Bob is processing things differently than I am, and that's normal for us. I want to talk about it, he wants to internalize and hold it together. That's just who he is, and admirable and strong.

Bob says he’s always wondered why Christians don’t celebrate the passing of one of their brothers or sisters into the presence of Christ? Why are we so sad? We should be happy for them and what they are now experiencing for themselves. I know what Bob says is true, and on one hand he’d like to feel like that, but on the other hand he’s really hurting inside too.

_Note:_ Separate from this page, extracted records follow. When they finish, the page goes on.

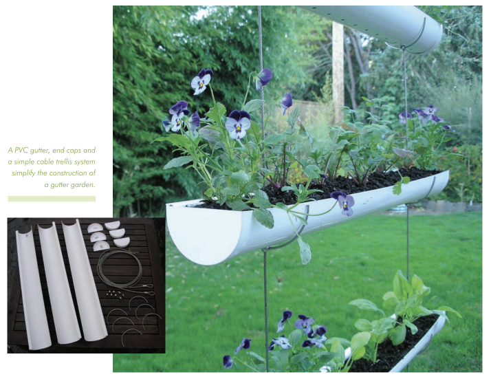 \n\n\n\nGutter gardens are becoming popular for those with narrow spaces. These creative vertical gardens make use of metal gutters (preferably copper or stainless steel) mounted on walls or arbors. Remember to drill drainage holes and line them with screening to prevent soil loss.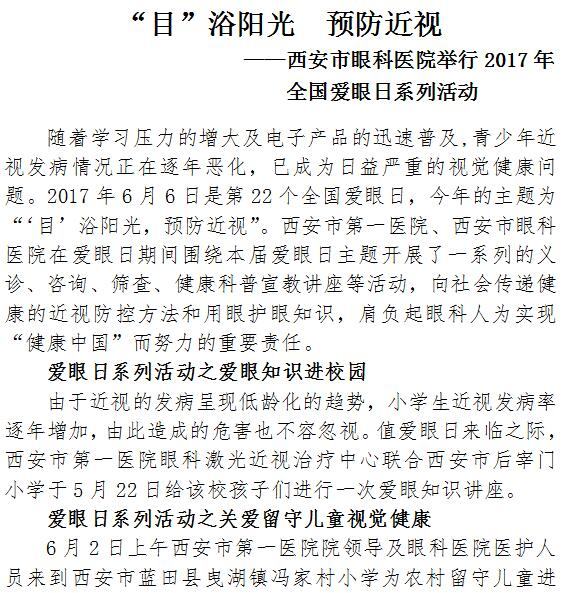 西安市眼科成人导航 2017年全国爱眼日系列活动总结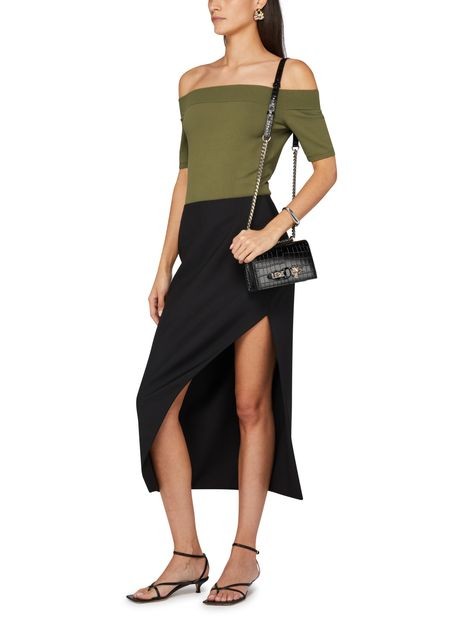 説明 : プリントロゴ, 銀文字ロゴ, シングルコンパートメント, シングルハンドル, 肩掛け, チェーンストラップ, ナローストラップ, フラップ開閉式, スナップボタン留め, シルバーフィニッシュ.
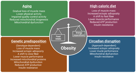 Classically, obesity is defined as abnormal or excessive fat accumulation or an energy imbalance that impairs an individual’s health, usually accompanied by the deposition of lipids in non-adipose tissues, such as the liver, heart, and skeletal muscle [8,9]. As skeletal muscle (referred to as muscle) represents approximately 40% of total body mass in a healthy individual [10], it is quantitatively the most important site when considering the detrimental impacts of obesity on physical and metabolic activities. Known causes of obesity include aging, a lifestyle of chronic high-fat or calorie diets, genetic predisposition, and circadian disruption (Figure 1) [11,12,13,14]. The aged population continues to be a growing population with over two billion people in the world projected to be older than 60 by 2050 [15]. The prominence of the Western “American” diet, characterized by low consumption of fruits and vegetables and contrastingly high consumption of fat and sodium, are major contributors to obesity [16]. Crucially, genetic factors also play a role in determining people’s response to the obesogenic environment, as twin and family studies have estimated the BMI heritability to be >40% [17]. Circadian disruption has also emerged as a new concern due to an astounding number (16%) of American workers involved in non-daytime working hours [18] indicated by a recent meta-analysis to be positively associated with overweight risk [19,20,21,22,23].

Dealing with death is so surreal and unsettling, and there never seems to be the right words to say, or the right actions to take. And things other people say and do can grate on you too. As a young adult, I remember my parents being strangely and almost overly comforted by death, and saying certain things that just didn’t sit right with me. Things like, ‘her testimony during her illness was amazing’, and ‘it’s a blessing that he has gone to be with the Lord… no more pain and suffering and so on.” Man, that bugged me then, and I don’t want to speak like that now, especially to the kids.

Why must we spin it into something good? It hurts to lose someone from your life… yes, that’s the selfish reality, Art is gone from MY life, and I miss him and want him back. Yes, it’s good and right and a blessing to know that Art's suffering is over, and that his faith means that he is 'in a better place', and I believe that I will see him again some day. But for a time, can’t I just be sad and mad and wish him back again with us?

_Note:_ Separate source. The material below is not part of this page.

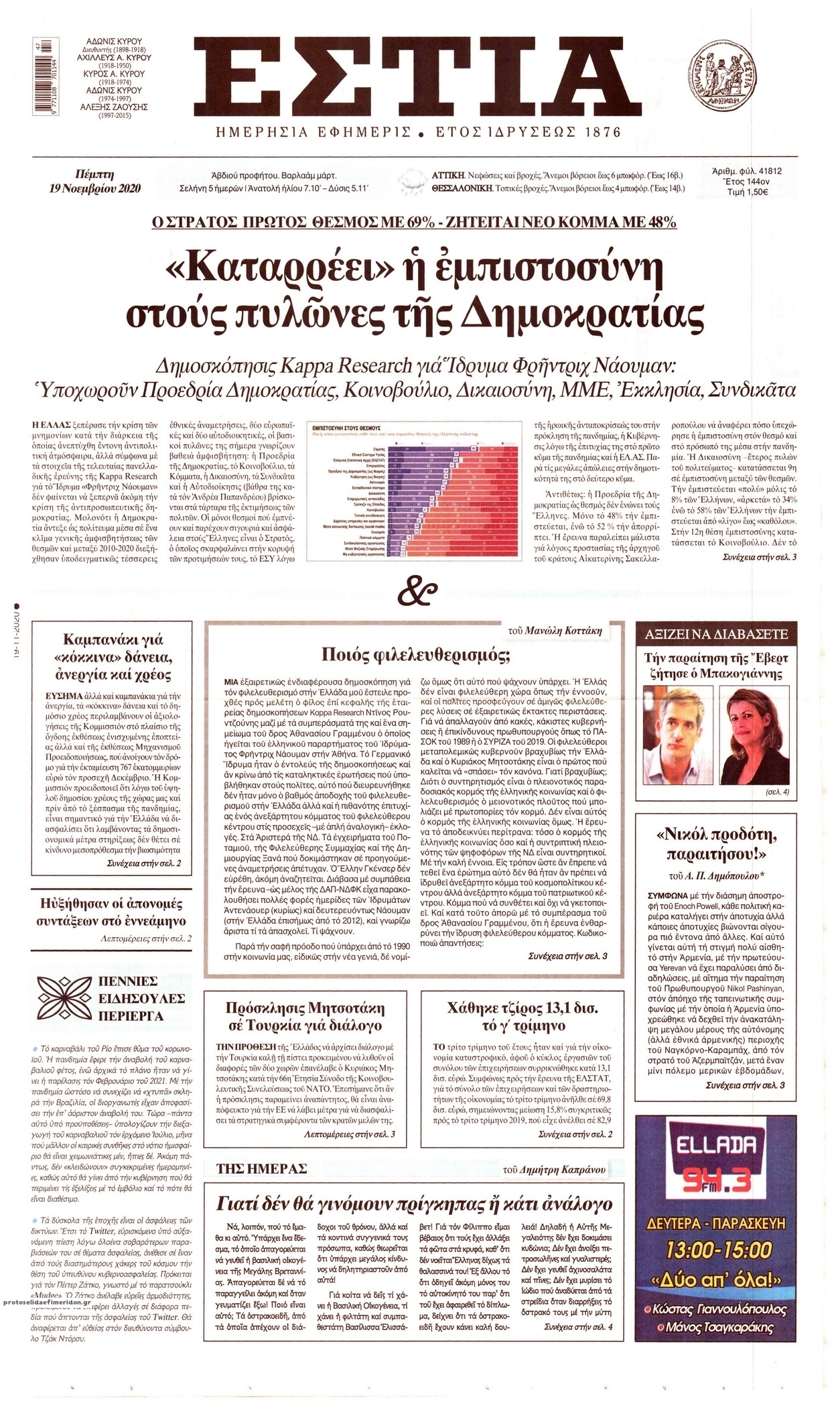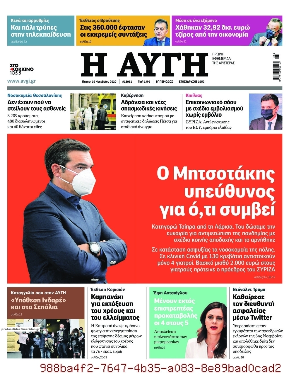 NewsMEDIASLIDER Διαβάστε όλα τα πρωτοσέλιδα των πολιτικών εφημερίδων της Πέμπτης 19 Νοεμβρίου 2020 FacebookXEmailViberWhatsAppCopy URLΤυπώνω Διαβάστε όλα τα πρωτοσέλιδα των πολιτικών εφημερίδων της Πέμπτης 19 Νοεμβρίου. Πλήρης ενημέρωση με μια γρήγορη ματιά!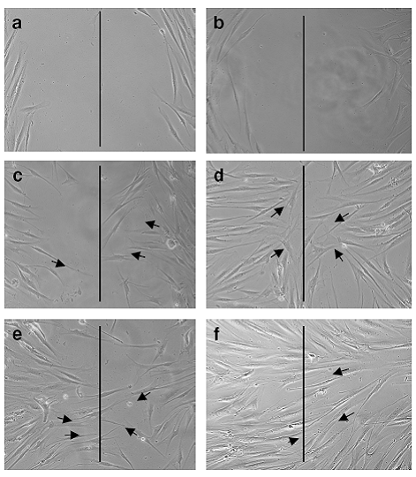 AbstractWound healing is a complex and dynamic process where the cell structures are restored to normalcy. The management of wound is currently by use of antiseptics and antibiotics which usually prevent / treat infection. But the intricate process of wound healing depends on cell migration and proliferation. Fibroblasts are the key cells responsible for initiating angiogenesis, epithelialization and collagen formation. Currently there is a dearth of scientific reports on agents that can facilitate the process of wound healing at cellular level. A polyherbal formulation consisting of extracts of Wrightia tinctoria, Aloe vera, Curcuma longa and Terminalia chebula was used to study the fibroblast cell migration and proliferation using scratch wound assay technique. The results of the study indicate that the polyherbal formulation may be useful in effective management of superficial wounds. Keywords - Wound healing, Fibroblast, Scratch wound assay, Cell migration, Cell proliferation, herbal, Siddha Background Wound or injury to skin can be due to intentional or accidental trauma. When the intact tissue is damaged, cells adjacent to it migrate to the site, proliferate, synthesize matrix components and tend to close the wound. Wound healing is a complex process of cellular and biochemical interactions involving various cells such as keratinocytes, fibroblasts and endothelial cells [1]. The wound healing process passes through four major phases such as hemostasis, inflammation, proliferation and remodeling [2]. The proliferative phase overlaps with the inflammatory phase. The most important cell is fibroblast which is responsible for initiating angiogenesis, epithelialization and collagen formation [3]. Use of antiseptics and antibiotics can only prevent or treat infections. Hence, preparations to augment other inevitable mechanisms responsible for wound healing are of prime importance and need to be explored. Several plant compounds are reported to have enhanced wound healing activity. The glycoprotein fraction from Aloe vera is reported to enhance cell proliferation and migration of keratinocytes thereby act as an effective wound healing agent [4]. The present study evaluates the wound healing effect of a Sidhha preparation (Test formulation) by 3T3 fibroblast cell migration and proliferation by scratch wound assay. A major advantage of this simple assay is that it mimics to some extent in vivo migration of cells. The Siddha preparation used in the present study contains the extracts of selective traditional plants with cell migratory, anti-inflammatory and anti-microbial properties viz. Wrightia tinctoria, Aloe vera, Curcuma longa and Terminalia chebula. This Siddha polyherbal formulation was made in a gel (carbomer) base for the study and is referred to as Thee Gel. Materials and MethodsPreparation of test formulation (Thee Gel): The coconut oil extracts of Wrightia tinctoria was prepared [5]. Propylene glycol extract of Aloe vera pulp, alcoholic extracts of Curcuma longa and Terminalia chebula were prepared separately and used. In brief, the extracts were incorporated into carbomer gel and bees wax base with the help of an emulsifier. The percentages incorporation of different extracts in test formulation are Wrightia tinctoria and Aloe vera at 0.4% and Curcuma longa and Terminalia chebula at 0.08%. Cell culture Mouse fibroblast 3T3 cells were cultured in Dulbecco's modified Eagle's medium (DMEM) containing 10% fetal calf serum, 2 mM glutamine and 100μg/ml each of penicillin and streptomycin and incubated at 5% CO2 at 37°C [1]. Wound healing-migration assay Cells were grown to confluence on a 24-well dish, the medium was aspirated, and serum starved for 24 hours. Fresh medium with or without Test formulation was added. A single stripe (500 μm wide) was scraped on the cell-coated surface with a disposable plastic pipette tip and the wound was allowed to heal for 24 hours. The average extent of wound closure was evaluated by measuring the width of the wound. The speed of migrating cells into the wound area was examined and photographed [6,7]. Cell migration was assessed by microphotography. The fibroblasts were treated with varying concentrations of test formulation and were examined at 12 and 24 hours after treatment. Untreated control, 10nM epidermal growth factor (EGF) treated set for positive reference and placebo treated set were also maintained. Fibroblasts were treated with 5, 10, 25 and 50 μg/ml of Test formulation, incubated for 24 hours. The extent of cell migration was photographed and measured using image analyzing software. Each experiment was performed in triplicate. Cell proliferation assay Fibroblast 3T3 (103) cells were seeded in a 96-well culture plate in a humidified 5% CO2 atmosphere. Cells were serum starved for 24 hours and then incubated with 5, 10, 25 and 50μg/ml of Test formulation and further incubated for 24 hours. After 24 hours 3-(4,5- dimethylthiazol-2-yl)-2,5-diphenyl tetrazolium bromide (MTT) was added and formazan product was dissolved in 100μl of DMSO. Absorbance at 570 nm was measured with microtiter plate reader and cell viability was determined by tryphan blue exclusion method. ResultsCell migration assay Test formulation treatment enhanced the cell migration of 3T3 fibroblasts when tested by scratch wound assay. After 12hr of treatment with 50μg of Test formulation, the migratory nature of the fibroblast could be seen by microscopic examination. Complete covering of the wound was observed within 24 hours of treatment, similar to that of EGF. This response was not recorded either in the cell culture plate maintained as untreated control or placebo treatment (Figure 1).

If only our culture was better equipped to deal with death, and to deal with it in a way that isn’t so stuffed down or glossed over. I envy the cultures that wail and cry and scream… and get it all out, and then move on, when the grieving has run its natural course. Or those, like the Irish, that have big parties - wakes - and celebrate life with laughter and good beer and dancing. Our 'Canadian' grief is more like a slow leak in a rubber dingy, it can easily swamp you if you don’t take care. If only the hole were big and the air gushed out quickly, then at least you could swim.

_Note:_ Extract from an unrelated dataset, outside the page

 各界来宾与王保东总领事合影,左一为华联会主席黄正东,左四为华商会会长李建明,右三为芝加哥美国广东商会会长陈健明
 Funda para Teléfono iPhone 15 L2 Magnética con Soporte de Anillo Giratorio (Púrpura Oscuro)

It’s been a long time since someone close to our family died. And it’s been an even longer time since we’ve been present for the days and plans leading up the the final good-bye -- the very first time for our kids. I hope that walking through this process of death and funeral, and being up close with the individuals most effected, will allow our kids to see the reality of what has happened, and that we can talk openly about their fears and sadness and grief and help them to process things in a healthy way that allows them to honour Art, express their pain, and find the strength to move on.

I’ll be preparing the guest room tonight… actually, it’s Graeme’s room that he will have to vacate potentially for out of town funeral guests. And even that is an opportunity to be part of something greater than us, and more personal. Having a grieving friend or relative in our home might help all of us to process and truly believe that the overwhelmingly tragic has happened;

That our dear friend Art Suke, age 51, lover of life, family and friends, died.


  1. Hey, Lesley-Anne, I didn't realize you were friends with Art! Or maybe I did and just forgot? Anyways I had the priviledge of meeting him and praying for him last sad to hear of his death. I know that he was loved by many.

  2. I know this post comes late. . . and sometimes so does certain feelings while settling into grief.
    I am not a stranger to loss and grief. . . and there are no "right" words. . .sometimes the only way to express our grief is to just sit with it, in it and just be sad.
    Job's 3 friends who came and sat with him in sackcloth and ashes, for 7 days without saying a word, were the best kind of friends to have during a time of loss and grief.

  3. I'm reading this from your blog on wordpress. I feel it deeply.